Merge RDF .ttl files into one file database - filtering and keeping only the data/triples needed


I need to merge 1000+ .ttl files into one file database. How can I merge them with filtering the data in the source files and keep only the data needed in the target file?

Thanks


Solution

  • There's a number of options, but the simplest way is probably to have use a Turtle parser to read all the files, and let that parser pass its output to a handler which does the filtering before in turn passing the data to a Turtle writer.

    Something like this would probably work (using RDF4J):

      RDFWriter writer = org.eclipse.rdf4j.rio.Rio.createWriter(RDFFormat.TURTLE, outFile);
    
      writer.startRDF();
      for (File file : // loop over your 100+ input files) {
          Model data = Rio.parse(new FileInputStream(file), "", RDFFormat.TURTLE);
          for (Statement st: data) {
             if (// you want to keep this statement) {
                  writer.handleStatement(st);
             }
          }
      }
      writer.endRDF(); 
    

    Alternatively, just load all the files into an RDF Repository, and use SPARQL queries to get the data out and save to an output file, or if you prefer: use SPARQL updates to remove the data you don't want before exporting the entire repository to a file.

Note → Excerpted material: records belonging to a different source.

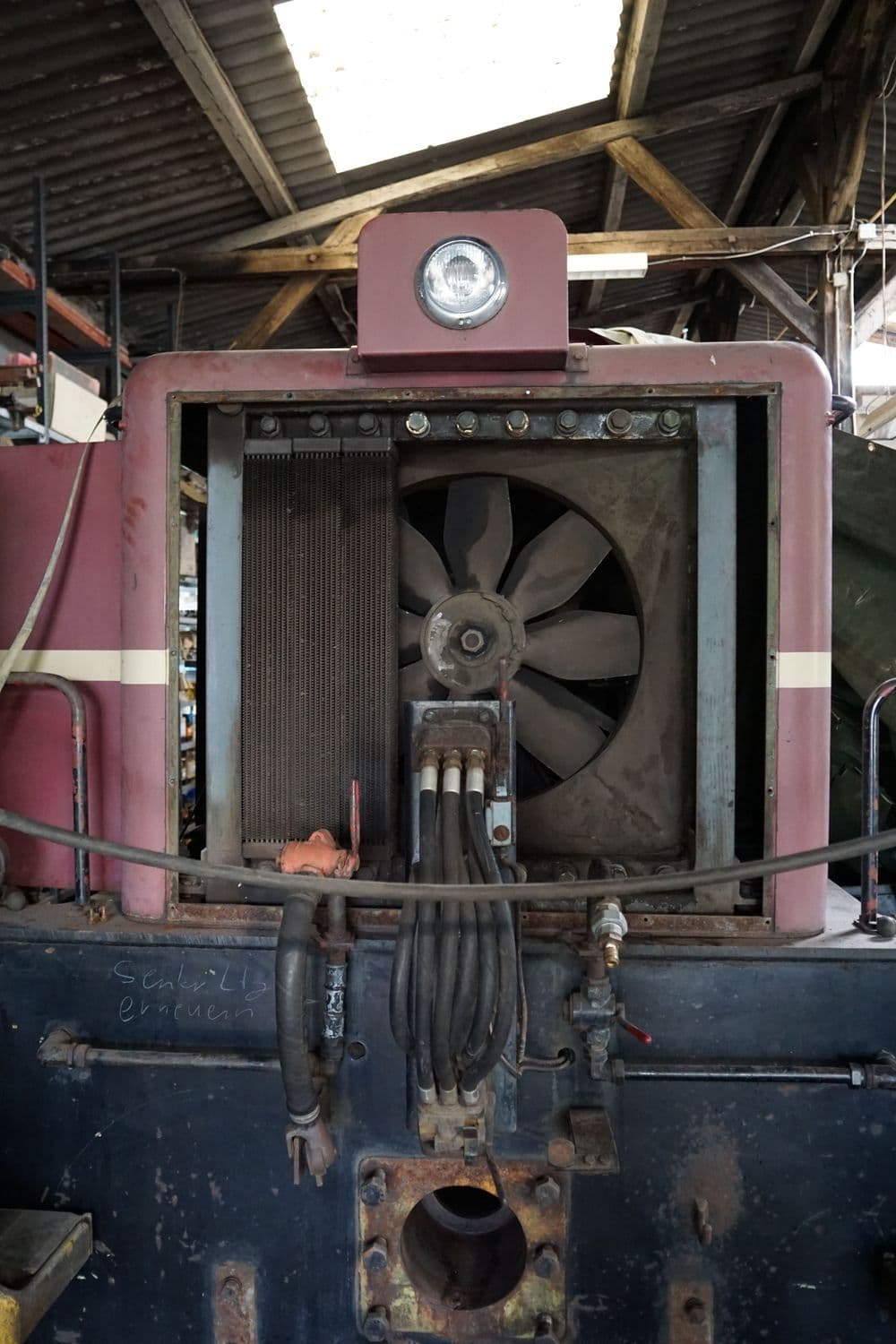 Auch an der Antriebsanlage, bzw. am Aufbau allgemein waren viele Arbeiten zu erledigen. Unter anderem Rohre und Schläuche ersetzen, Elektrik teilweise erneuern, oder wie im Bild zusehen die Kühlerelemente ausbauen um diese auf Dichtigkeit zu prüfen und wo nötig abzudichten.
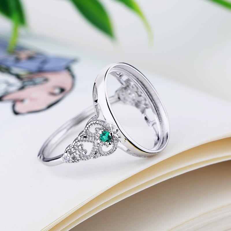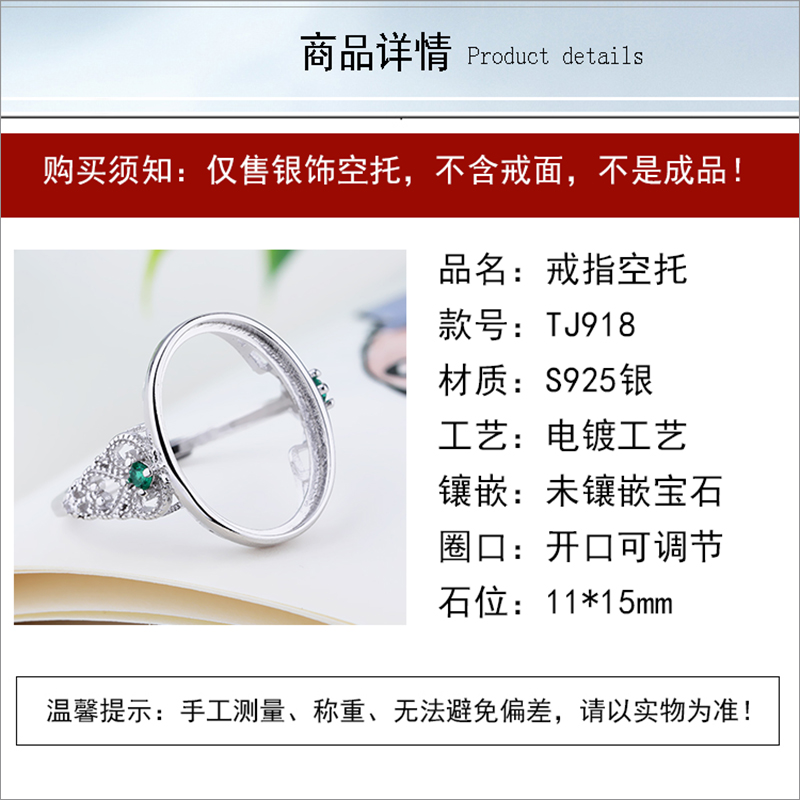 S925纯银戒指空托日韩银饰镶嵌翡翠琥珀蜜蜡开口女椭圆戒托 11*15
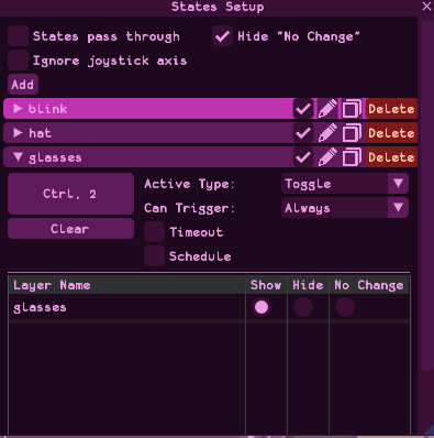 I've recently just started trying out RahiTuber and have been liking it so far! I wanted to try making a simple state that I could toggle on and off such as putting on glasses but when I tried putting in a hotkey, the state didn't change? I've tried all kinds of hotkeys like numbers or combinations such as ctrl+1 but nothing seems to be working. I do have a state for blinking that is scheduled and that seems to work. It seems that only my hotkeys are not registering?
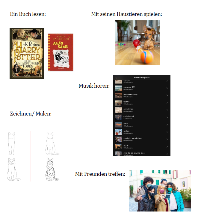 Ein solches Projekt haben auch die Schülerinnen und Schüler der Klasse 6d durchgeführt. Sie waren kreativ und haben in Kleingruppen „Tipps gegen Langeweile“ zusammengestellt. Es sind tolle Ergebnisse entstanden, die wir euch nicht vorenthalten wollen. Vielleicht findet ihr darunter den einen oder anderen Tipp, der euch gefällt und den ihr (sobald dies wieder möglich ist) selbst ausprobieren wollt.
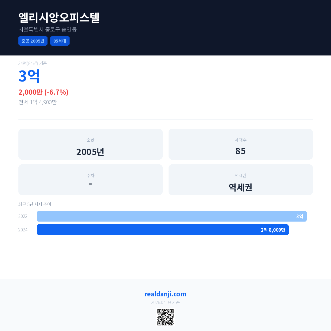 엘리시앙오피스텔 최근 거래가는 3억입니다. (2025-10)
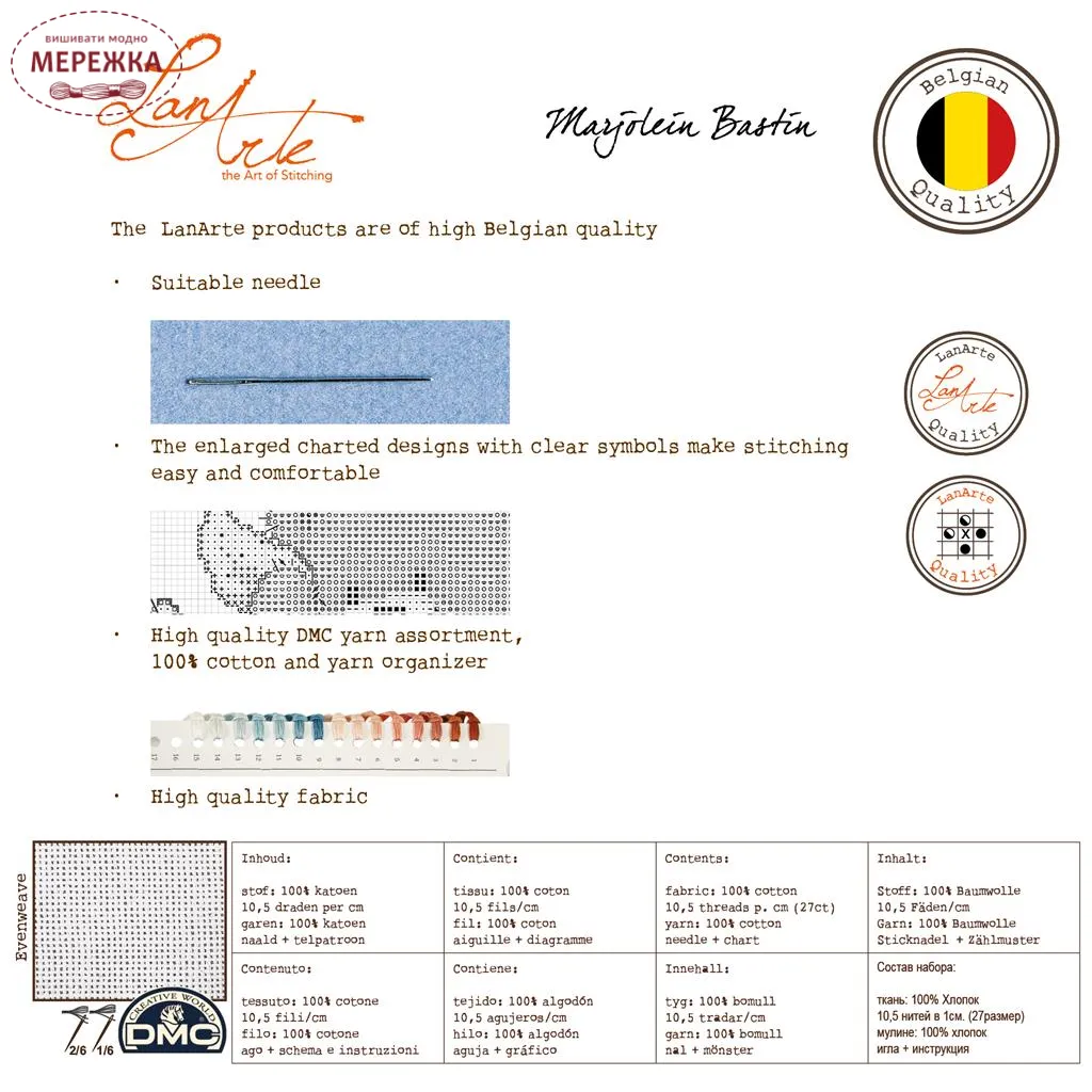 Фірма Lanarte відома своїми якісними наборами, адже вони укомплектовані найкращими матеріалами, провідних європейських виробників.
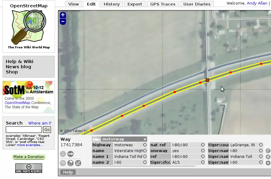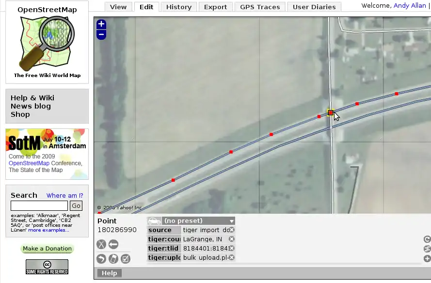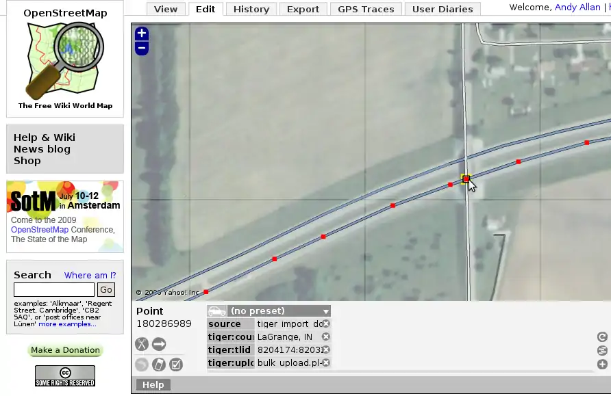 This is a short how-to on fixing overconnectedness in TIGER data. Screenshots show the old Potlatch 1 editor, but similar actions can be carried out in other editors

    Something along these lines (again using RDF4J):

     Repository rep = ... // your RDF repository, e.g. an in-memory store or native RDF database
    
     try (RepositoryConnection conn = rep.getConnection()) {
    
        // load all files into the database
        for (File file: // loop over input files) {
            conn.add(file, "", RDFFormat.TURTLE);
        }
    
        // do a sparql update to remove all instances of ex:Foo
        conn.prepareUpdate("DELETE WHERE { ?s a ex:Foo; ?p ?o }").execute();
    
        // export to file
        con.export(Rio.createWriter(RDFFormat.TURTLE, outFile));
     } finally {
        rep.shutDown(); 
     } 
    

    Depending on the amount of data / the size of your files, you may need to extend this basic setup a bit (for example by using transactions instead of just letting the connection auto-commit). But you get the general idea, hopefully.